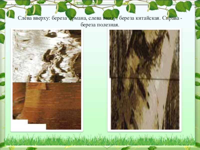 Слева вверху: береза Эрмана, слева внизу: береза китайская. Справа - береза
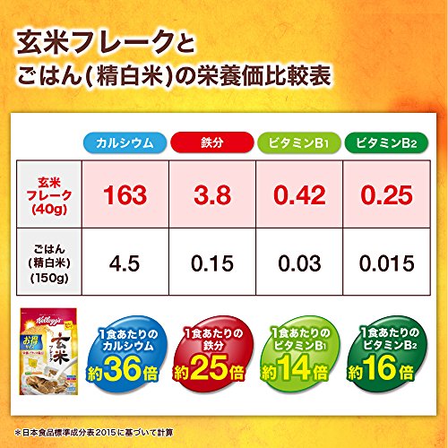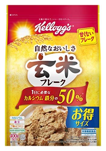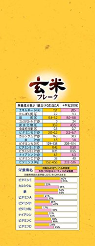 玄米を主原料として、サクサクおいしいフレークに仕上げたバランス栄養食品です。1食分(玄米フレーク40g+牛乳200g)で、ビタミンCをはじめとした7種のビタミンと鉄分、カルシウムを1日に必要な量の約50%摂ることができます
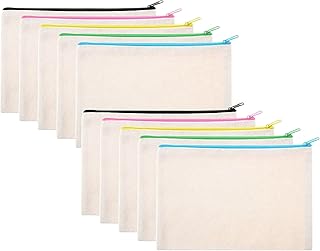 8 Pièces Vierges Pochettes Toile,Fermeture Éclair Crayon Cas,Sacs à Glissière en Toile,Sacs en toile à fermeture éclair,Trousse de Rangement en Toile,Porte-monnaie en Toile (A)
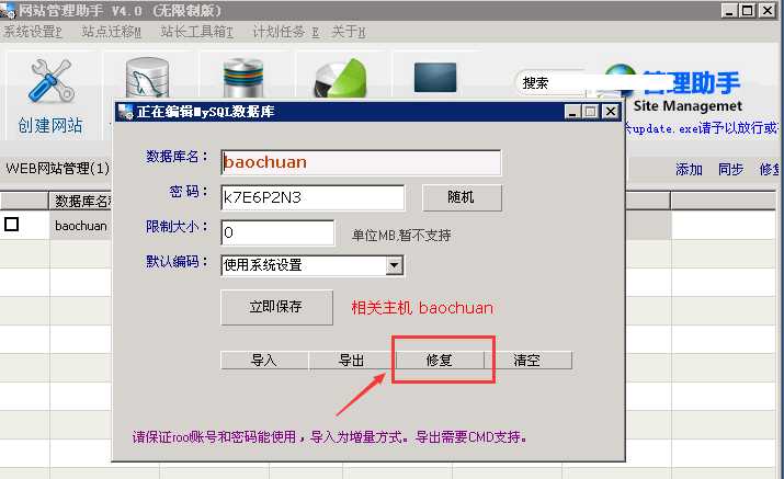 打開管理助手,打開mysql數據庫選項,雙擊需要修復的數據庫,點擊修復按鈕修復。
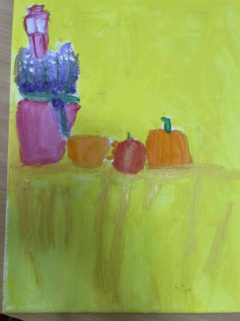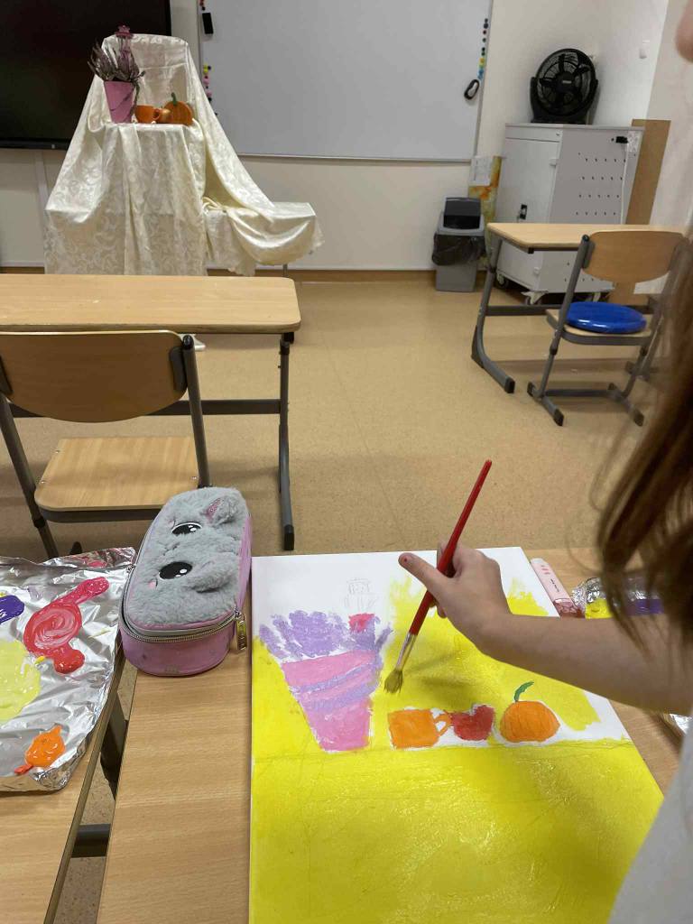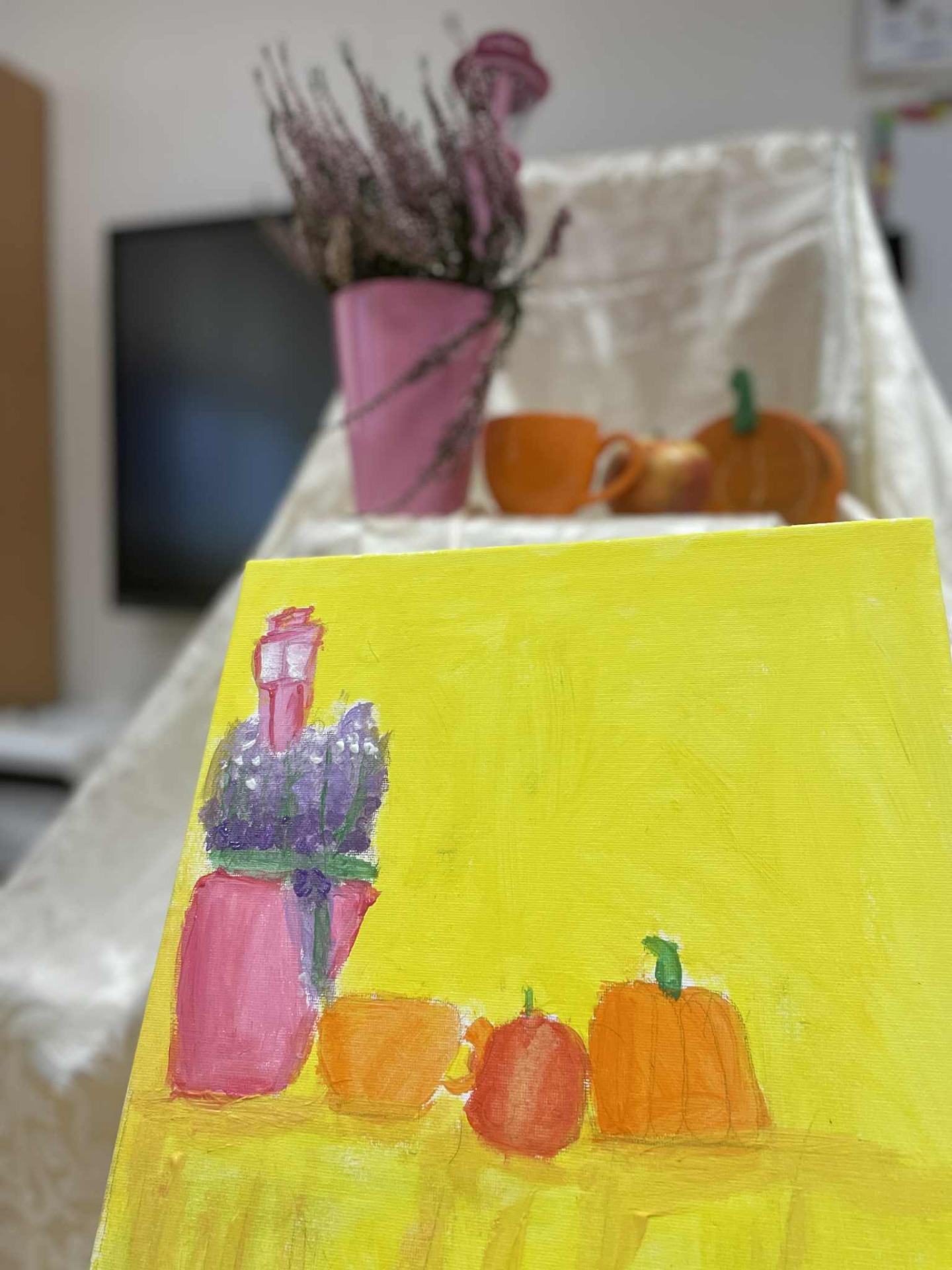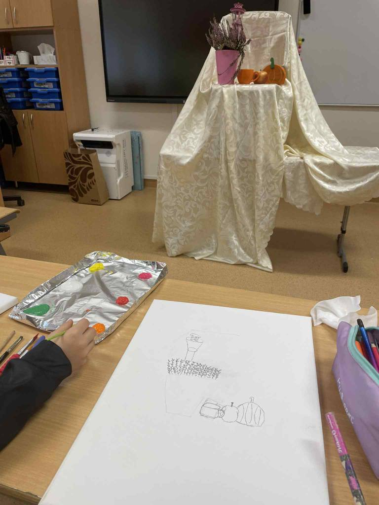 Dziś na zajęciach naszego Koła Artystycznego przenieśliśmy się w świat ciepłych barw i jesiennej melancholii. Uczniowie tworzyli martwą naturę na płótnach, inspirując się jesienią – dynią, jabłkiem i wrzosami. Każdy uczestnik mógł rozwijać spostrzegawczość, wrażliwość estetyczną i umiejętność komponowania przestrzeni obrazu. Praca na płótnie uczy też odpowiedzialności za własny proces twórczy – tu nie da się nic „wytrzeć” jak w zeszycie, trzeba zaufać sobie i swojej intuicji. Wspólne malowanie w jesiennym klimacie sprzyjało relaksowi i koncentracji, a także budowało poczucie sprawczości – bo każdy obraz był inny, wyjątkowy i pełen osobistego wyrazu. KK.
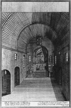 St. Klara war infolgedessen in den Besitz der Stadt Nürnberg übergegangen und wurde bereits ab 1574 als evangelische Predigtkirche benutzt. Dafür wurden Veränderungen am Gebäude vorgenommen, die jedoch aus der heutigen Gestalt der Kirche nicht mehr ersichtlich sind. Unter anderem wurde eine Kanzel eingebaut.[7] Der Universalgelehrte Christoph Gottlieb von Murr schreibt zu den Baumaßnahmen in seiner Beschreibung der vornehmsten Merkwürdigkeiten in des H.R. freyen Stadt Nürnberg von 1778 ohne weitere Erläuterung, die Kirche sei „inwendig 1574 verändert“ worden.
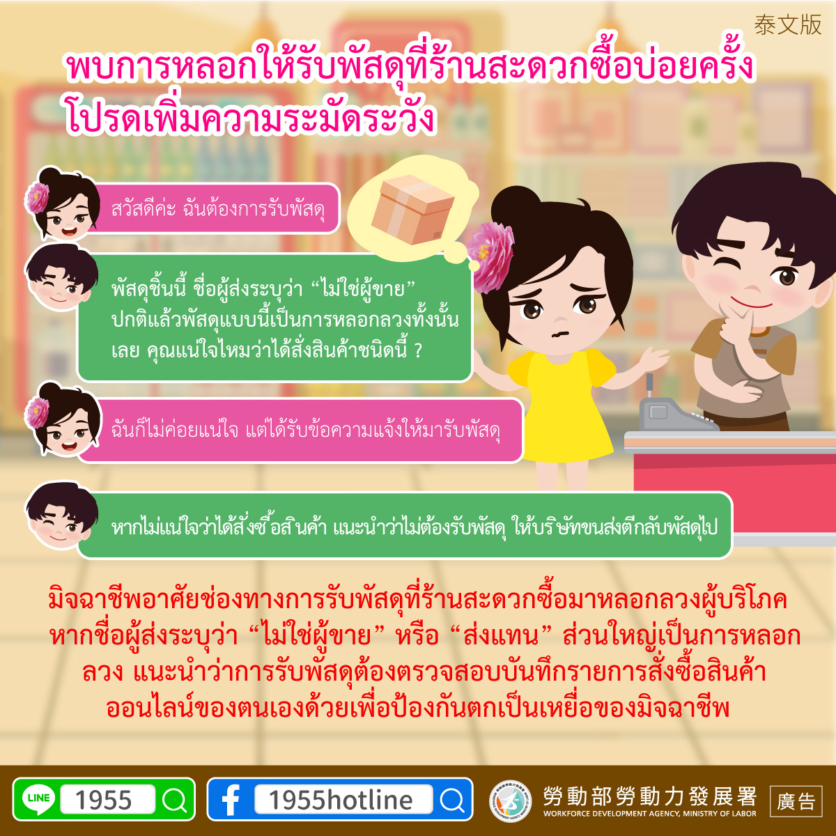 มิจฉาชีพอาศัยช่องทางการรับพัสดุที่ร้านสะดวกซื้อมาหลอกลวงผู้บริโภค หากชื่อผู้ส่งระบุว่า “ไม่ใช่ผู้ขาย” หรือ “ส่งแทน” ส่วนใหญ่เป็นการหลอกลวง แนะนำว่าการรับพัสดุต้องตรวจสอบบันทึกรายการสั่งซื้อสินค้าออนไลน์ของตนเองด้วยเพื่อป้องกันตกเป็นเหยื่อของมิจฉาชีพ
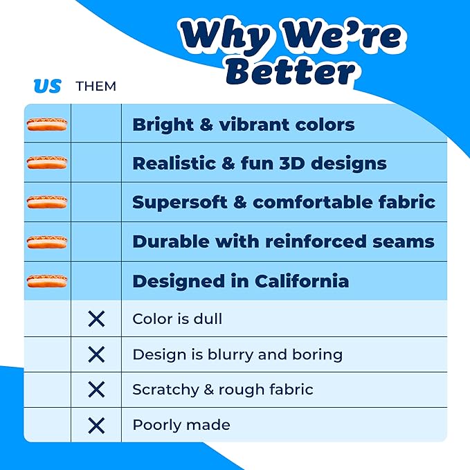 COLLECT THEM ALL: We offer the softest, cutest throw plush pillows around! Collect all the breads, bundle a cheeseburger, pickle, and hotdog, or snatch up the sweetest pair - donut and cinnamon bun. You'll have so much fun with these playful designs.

--- About this task ---
Give again exactly the lines running from the beginning of the material above through the line that contains "打開管理助手,打開mysql", and leave out every picture.

--- Written solution ---
 Слева вверху: береза Эрмана, слева внизу: береза китайская. Справа - береза
 玄米を主原料として、サクサクおいしいフレークに仕上げたバランス栄養食品です。1食分(玄米フレーク40g+牛乳200g)で、ビタミンCをはじめとした7種のビタミンと鉄分、カルシウムを1日に必要な量の約50%摂ることができます
 8 Pièces Vierges Pochettes Toile,Fermeture Éclair Crayon Cas,Sacs à Glissière en Toile,Sacs en toile à fermeture éclair,Trousse de Rangement en Toile,Porte-monnaie en Toile (A)
 打開管理助手,打開mysql數據庫選項,雙擊需要修復的數據庫,點擊修復按鈕修復。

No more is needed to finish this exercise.